You can also do this customization by subclassing. I know subclassing and learning what that means can be somewhat of a steep learning curve. But, it is the best way to reduce code redundancy for this type of software! If you need to refresh your memory on subclassing in python, I recommend this tutorial for a quick overview: https://www.geeksforgeeks.org/create-a-python-subclass/. The basic idea though, is that when you subclass you get all of the methods from the superclass that you are using.

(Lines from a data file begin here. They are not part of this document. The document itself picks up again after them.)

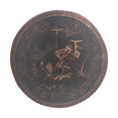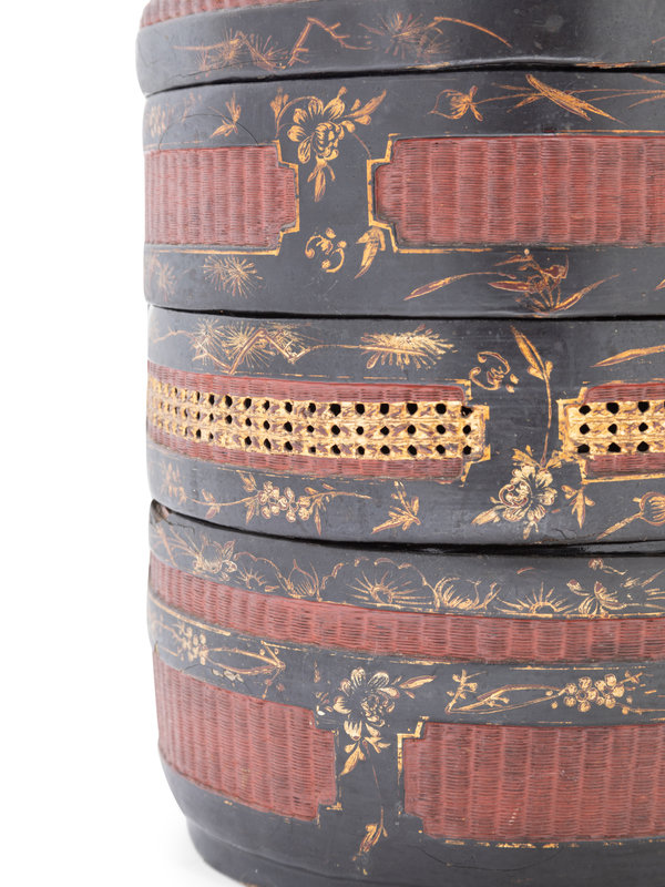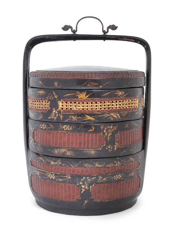 A Chinese Lacquered and Partial Gilt Two Tiered Basket
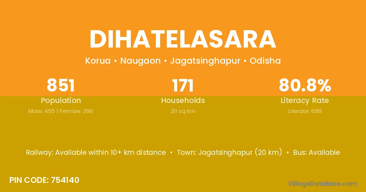 Jagatsinghapur (20 km) is the nearest town to Dihatelasara village for major economic activities and is located approximately 20 km away.
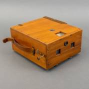Houten 'wet plate' fotocamera, zelfbouw, met aan de binnenzijde enkele houders voor glasplaten, waarvan twee met foto, eind 19e eeuw -gebruikssporen-, herkomst: Optiek Museum Surhuisterveen
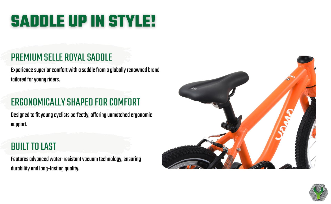 The YOMO 14 is a lightweight, high-demand pedal bike designed for young riders.  With child-friendly geometry and eye-catching colours, it's an ideal choice for kids transitioning to pedal bikes.

So, now let’s actually do this customization! In this case, we use the superclass syncfit.models.B5 which itsels subclasses the syncfit.models.SyncfitModel superclass.

[7]:
class CustomB5(syncfit.models.B5):

    def lnprior(theta, p=None, **kwargs):
        '''
        Our customized lnprior function. This needs the arguments
        that it has and no more or less! Otherwise it won't work
        when we actually try to run the MCMC.
        '''

        # All of this is copied from the source code and is fine to leave
        # since it is just unpacking the theta value
        if p is None:
            p, log_F_nu, log_nu_a= theta
        else:
            log_F_nu, log_nu_a = theta

        # However, here we want to change things to narrow the
        # priors on all three parameters
        if 2.9 < p < 3.1 and -1 < log_F_nu < 1 and 9 < log_nu_a < 11:
            return 0.0

        else:
            return -np.inf

Now that we’ve customized the B5 model with some more stringent priors, let’s try fitting our data again!

[8]:
# now we can fit the data
sampler = syncfit.do_emcee(
    theta_init = theta_init,
    nu = cmc.nu,
    F_muJy = cmc.F_nu,
    F_error = cmc.F_err,
    model = CustomB5, # use our custom model here!
    niter = niter,
    nwalkers = nwalkers
)

# Then let's just check how the fit looks
syncfit.analysis.plot_best_fit(
    model = syncfit.models.B5,
    sampler = sampler,

    # be careful with units for the data
    # the frequency must be in GHz space
    # and the flux densities must be in mJy space
    nu = cmc.nu*1e9,
    F = cmc.F_nu*1e-3
)

# print out the constraints we get
labels = syncfit.models.B5B3.get_labels()
constraints = syncfit.analysis.get_bounds(sampler, labels, toprint=True)
100%|███████████████████████████████████████████████████████████████████████████████| 500/500 [00:00<00:00, 2642.76it/s]
../_images/tutorials_2_fit_custom_model_14_1.png
\mathrm{p} = 2.91e+00_{-0.009}^{0.065}
\mathrm{log F_v} = 9.58e-01_{-0.318}^{0.004}
\mathrm{log nu_a} = 1.06e+01_{-1.299}^{0.003}

At first glance, the fit looks very similar to the first fit we had. But, we know that we were finding somewhat unphysical values (\(p=2.01\) doesn’t really make sense) before changing the priors. Although, this also serves as a warning that choosing your priors is very important for the constraints you get! It is usually a good idea to try different sets of priors based on your own intuition.